Print Specifics:
  • Type of print: Heliogravure - Original French antique print.
  • Year of printing: not indicated in the print - est. 1900 - 1905
  • Publisher: H. d' Espouy, Charles Schmid, Editeur, Paris
  • Condition: 1 (1. Excellent - 2. Very good - 3. Good - 4. Fair).
  • Dimensions: 12 x 18 inches (30 x 46 cm), including blank margins (borders) around the image(s).
  • Paper weight: 1-2 (1. Thick - 2. Heavier - 3. Medium heavy - 4. Slightly heavier - 5. Thin)
  • Reverse side: Blank
  • Notes:  (1) Green color around the print in the photo is a contrasting background on which the print was photographed; (2) The print will be mailed rolled in a 4" (10 cm) diameter sturdy tube. (3) Print detail is sharper than the photo of the print.
Narrative:

Under the direction of Prof. d'Espouy, the graduates of the famous Paris school of art, the Ecole des Beaux-Arts, measured, rendered and shaded  the views of the famous monuments of ancient Greece and Rome. These drawing were then reproduced by a 19th C. process called heliography.

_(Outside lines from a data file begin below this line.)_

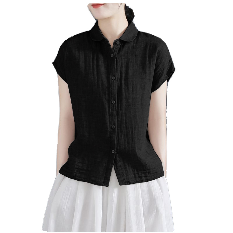 여름 폴로 칼라 디자인 코튼 린넨 반팔 셔츠 여성의 느슨한 작은 플라이 슬리브 코튼 린넨 셔츠 플러스 사이즈 린넨 탑
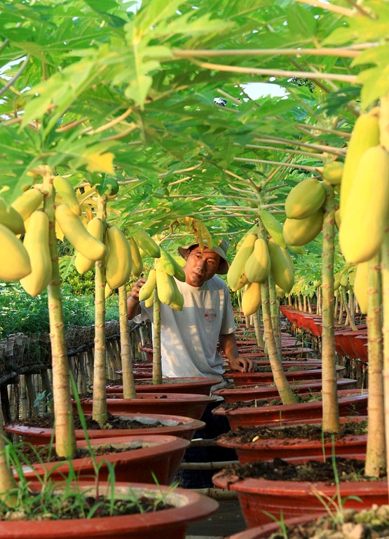 | Đu đủ kiểng cho trái vàng ở Sa Đéc là loại quả độc đáo được săn mua mạnh ở chợ Tết. |
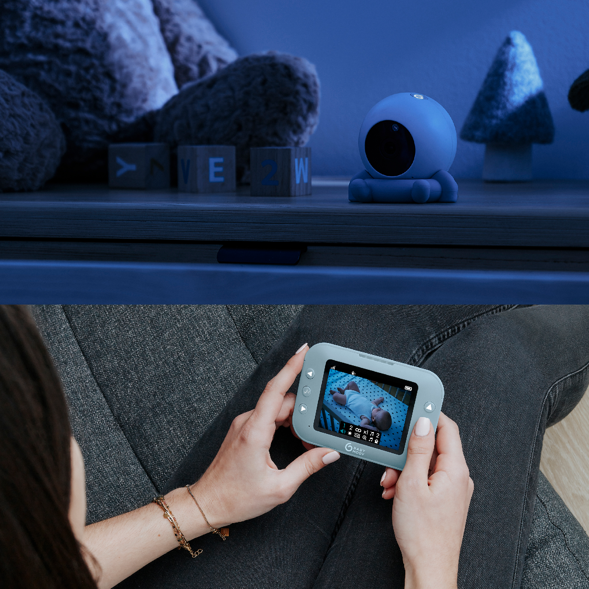 3 options d’alarmes sont disponibles : une visuelle, une sonore et un vibreur, ainsi qu’une alerte hors de portée pour être sûr de ne rien louper si bébé se réveille. Sa vision nocturne infrarouge vous permet de le voir parfaitement, même dans l’obscurité.
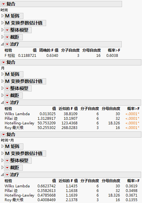 “时间”报表显示“时间”与治疗之间的交互作用的 p 值为 0.6038,这指示交互作用不显著。这意味着没有证据表明“上午”和“下午”的治疗之间存在差异。因为“时间”有两个水平(“上午”和“下午”),所以将显示精确的 F 检验。
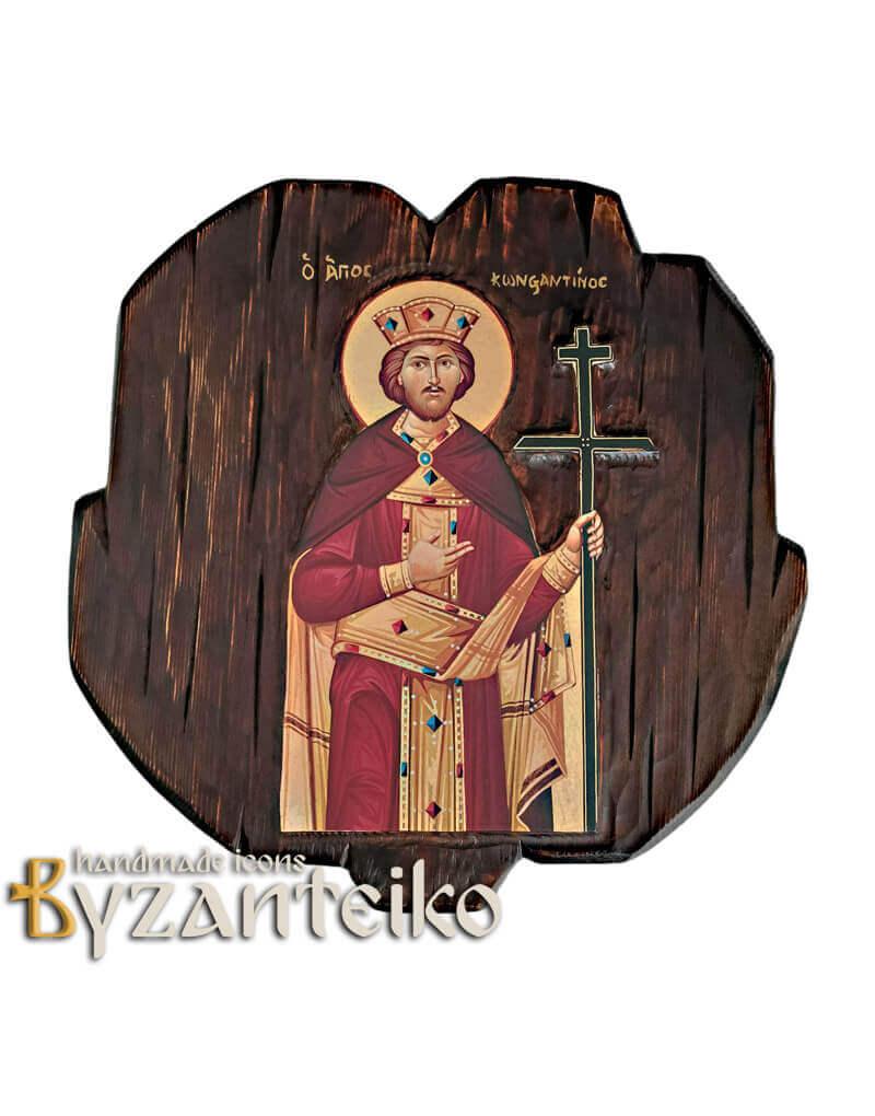 Μοναδική ξυλόγλυπτη εικόνα, χειροποίητη και σκαλισμένη με σκαρπέλο. Η εικόνα είναι μεταξοτυπίας εκτυπωμένη πάνω σε επιχρυσωμένο καμβά. Συνοδεύεται στο πίσω μέρος από πιστοποιητικό γνησιότητας σφραγισμένο από βουλοκέρι. Επίσης διαθέτει δερμάτινο σχοινάκι έτσι ώστε να μπορείτε εύκολα να κρεμάσετε την εικόνα. Ως γενέτειρα πόλη του Μεγάλου Κωνσταντίνου αναφέρεται τόσο η Ταρσός της Κιλικίας όσο και το Δρέπανο της Βιθυνίας. Ωστόσο η άποψη που επικρατεί φέρει τον Μέγα Κωνσταντίνο να έχει γεννηθεί στη Ναϊσό της Άνω Μοισίας (σημερινή Νις της Σερβίας). Το ακριβές έτος της γεννήσεώς του δεν είναι γνωστό, θεωρείται όμως ότι γεννήθηκε μεταξύ των ετών 272-288 μ.Χ. Μία ωμοπλάτη του Αγίου Κωνσταντίνου βρίσκεται στη Μονή Κωνσταμονίτου Αγίου Όρους. Αποτμήματα του Ιερού Λειψάνου του Αγίου Κωνσταντίνου βρίσκονται στη Μονή Κύκκου Κύπρου και στις Λαύρες Αγίας Τριάδος – Αγ. Σεργίου Μόσχας και Αγ. Αλεξάνδρου Νέβσκι Αγίας Πετρουπόλεως. Η μνήμη του τιμάται από την Ορθόδοξη Εκκλησία στις 21 Μαΐου.
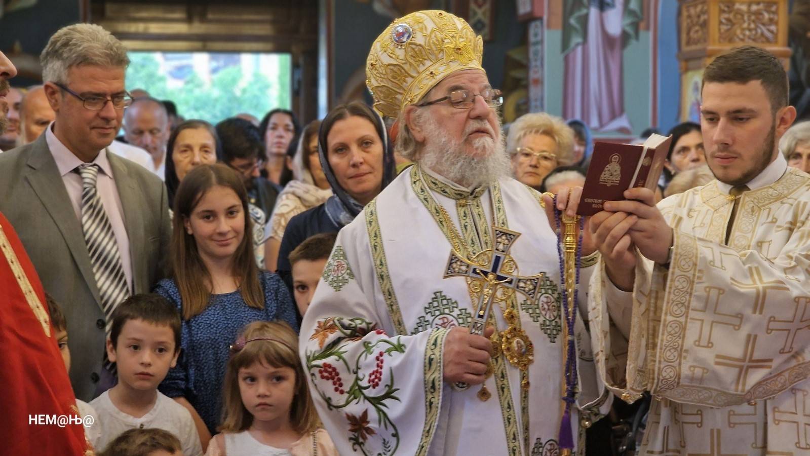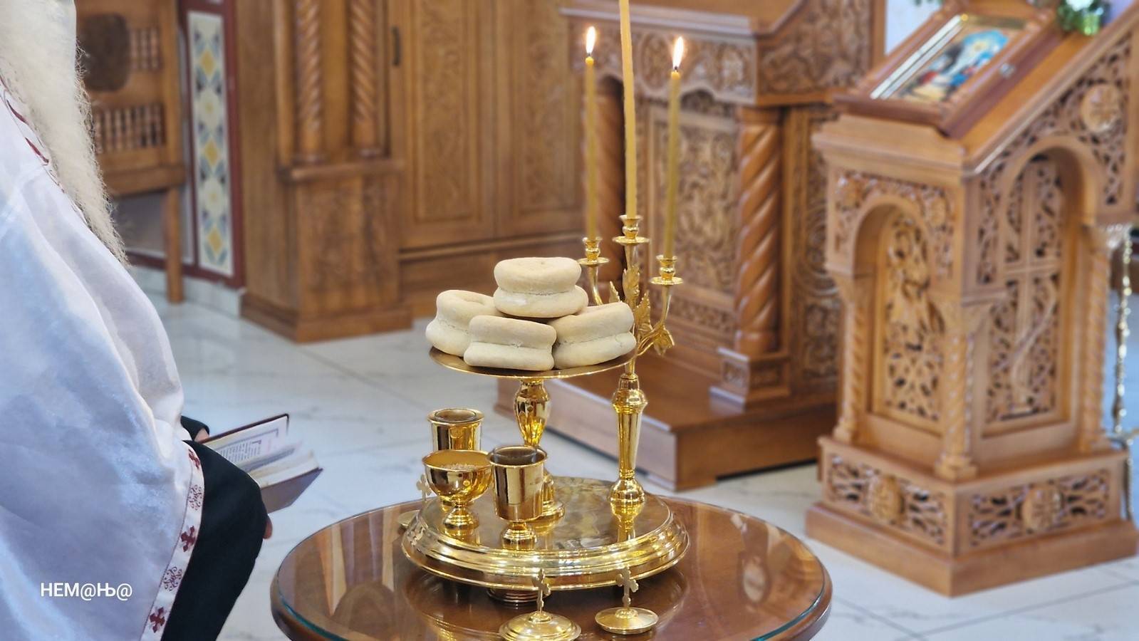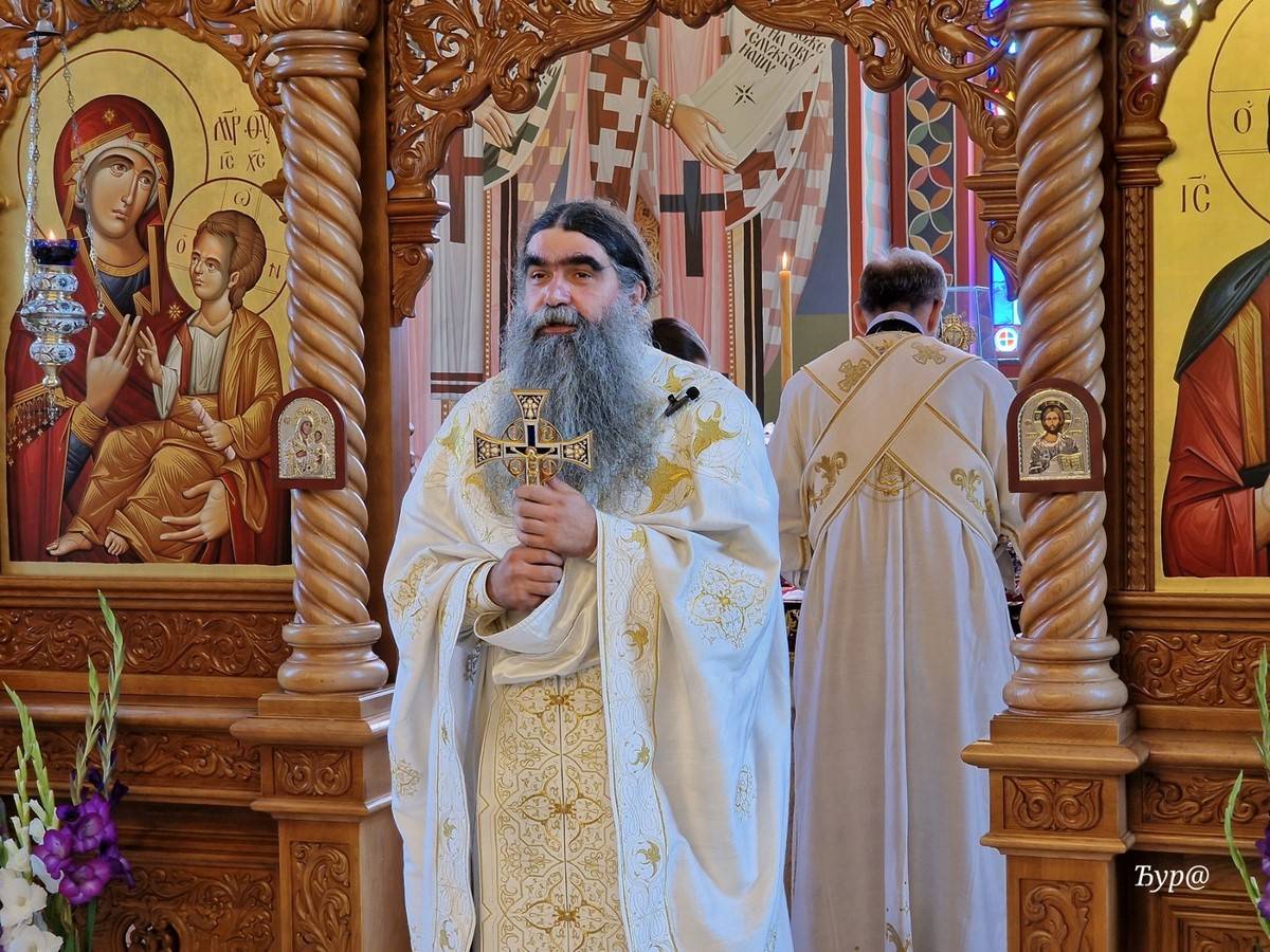 Након Свете тајне Причешћа, Преосвећени Господин Епископ је пререзао славски колач са кумовима храма, породицом Марковић.  По завршеној Светој Литургији, уприличена је и трпеза љубави за све окупљене у храму.
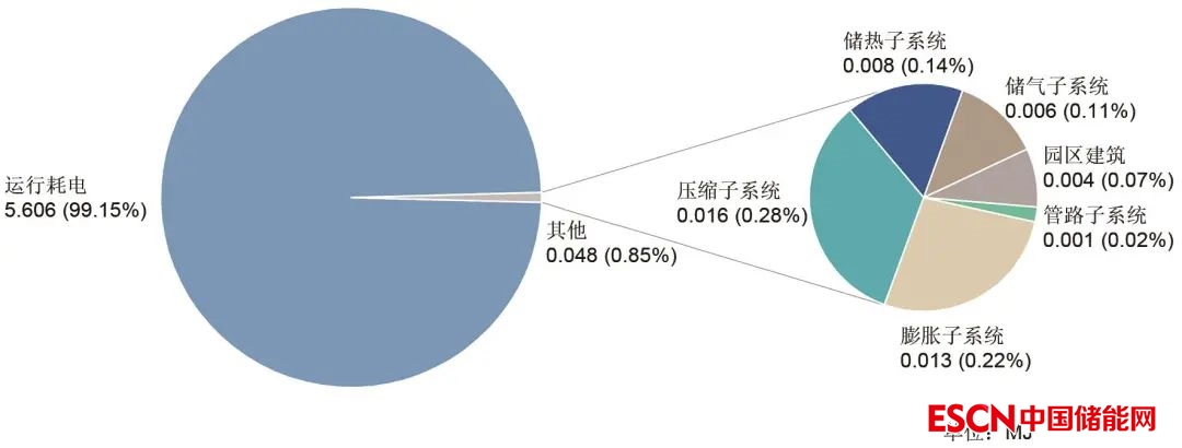 10 MW先進CAES系統(tǒng)每發(fā)電1 kWh需要消耗能量為5.653 MJ,由此可通過計算得到該系統(tǒng)的全生命周期凈能量效率為63.68%。其中,運行階段輸入的儲能電量5.606 MJ,占總耗能的99.16%;其余部分為系統(tǒng)在生產、建造和廢棄階段的耗能,總計0.047 MJ,占0.83%。除運行階段的耗能外,將系統(tǒng)其他階段的耗能按不同子系統(tǒng)進行劃分,結果如圖5所示。其中,壓縮子系統(tǒng)和膨脹子系統(tǒng)的耗能是最多的,分別為0.016 MJ和0.013 MJ,分別占總耗能的0.29%和0.22%;儲熱子系統(tǒng)和儲氣子系統(tǒng)的耗能分別為0.008 MJ和0.006 MJ,占總耗能的0.14%和0.10%;管路系統(tǒng)及園區(qū)建設部分的耗能在總能耗中占比較小,總計0.08%。
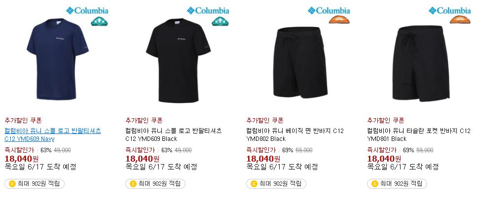 할인 품목 : 샌들, 티셔츠, 팬츠, 가방 등
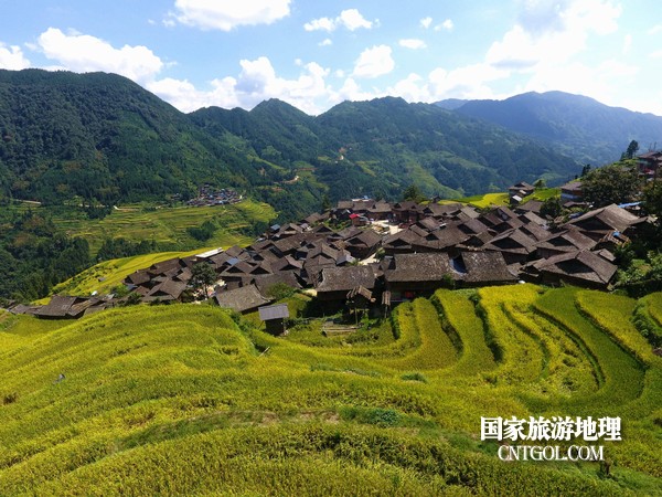 9月5日,貴州省黔東南苗族侗族自治州從江縣加榜鄉(xiāng)黨扭村和加車村近萬畝水稻開鐮收割。圖為:鑲嵌在田園中的苗家吊腳樓。

Machine translation of the original French narrative:

The theater of Marcellus, of which there remains a part today buried several meters and enclosed in houses among the winding alleys of a popular district, rose between the Capitol and the Tiber. Its construction had been started by Caesar. Auguste finished it like almost all works undertaken by his adoptive father. He dedicated it to Marcellus, son of his sister Octavia, and inaugurated it in the year of Rome 741. (13 BC), on the occasion of his nephew's wedding with Julie. This monument, built in travertine, had three floors: one of Doric order, the other of Ionic order, the third of Corinthian; the latter was destroyed. It was the second theater permanent, built in Rome. Alexander Severus restored it. From the inside, there is nothing left, but you can get an idea of ​​the arrangements presented by the building, thanks to a fragment of the precious map of Rome kept in the Capitol. In the middle Ages, the theater of Marcellus served as a fortress and belonged successively to the Pierleoni and the Savelli. This last family in the 16th century, had a large palace built on this site by the famous architect Baldassare Peruzzi, who took care of lift the plan of what was left, a plan that Serlio published. The Savelli died in 1712 and the theater of Marcellus became the owned by a branch of the Orsini family.